The Texas Chain Saw Massacre came out of nowhere in 1974, terrifying audiences with its deranged characters and iconic villain Leatherface. Kim Henkel and Tobe Hooper’s film was loosely inspired by Ed Gein, the real-life killer who also served as the inspiration for Psycho and The Silence Of The Lambs. Henkel and Hooper keep things simple, as the film spirals towards its climax. The fast and loose vérité style of Hooper’s movie predates the now popular found-footage horror sub-genre. This faux reality makes the film even more horrific and the BBFC banned the film outright believing its overall tone was what made it unsuitable for audiences.
Hooper’s film helped launch the slasher genre of the ‘70s and ‘80s, kick-starting the trend for iconic horror films. Legal wrangles meant that it took over ten years for a sequel to reach the screen, yet despite the return of Hooper and Henkel, The Texas Chainsaw Massacre 2 is a poor relative to this classic, ditching the scares for black comedy. It appears that both Hooper and Henkel, like the many who would come after them, failed to understand the raw intensity that made their 1974 film resonate. It’s no coincidence that this film came in the middle of the ‘70s, a time when the US was still reeling from the Vietnam War, a war that showed reality was often far worse than fiction.
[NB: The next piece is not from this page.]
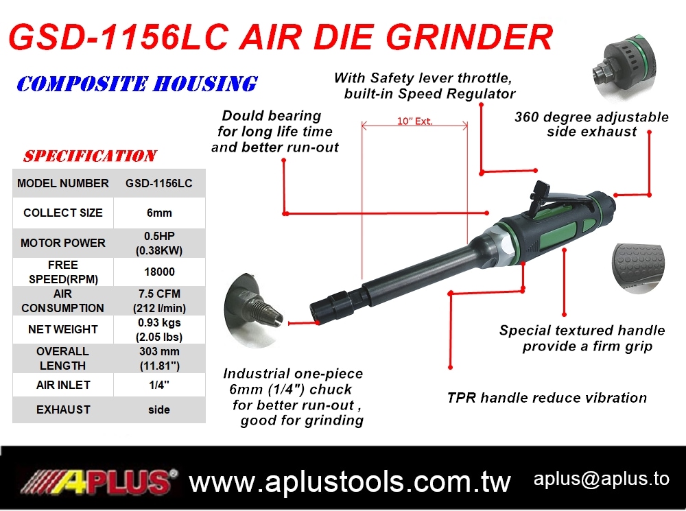 • APLUS GSD-1156LC,1/4" 或 6MM 10" 加长直风模磨机 0.5HP 18,000 rpm 复合外壳 气动刻模机 - 复合材料枪体 侧排气

Few films in any genre have had the impact that the The Texas Chain Saw Massacre had on the horror genre. Tobe Hooper’s film changed the face of horror, ditching the classic monsters for something even more terrifying – the evil within mankind.
Special Features
This double disc blu-ray from Second Sight is the last word on The Texas Chain Saw Massacre. The 40 year old movie gets a restored transfer that was supervised by Tobe Hooper. Fans get multiple commentaries from all involved, deleted scenes and hours of documentaries, including 2000’s Texas Chain Saw Massacre: The Shocking Truth (with outtakes). By the time you make it through all this, you’ll know everything you need to know about The Texas Chain Saw Massacre.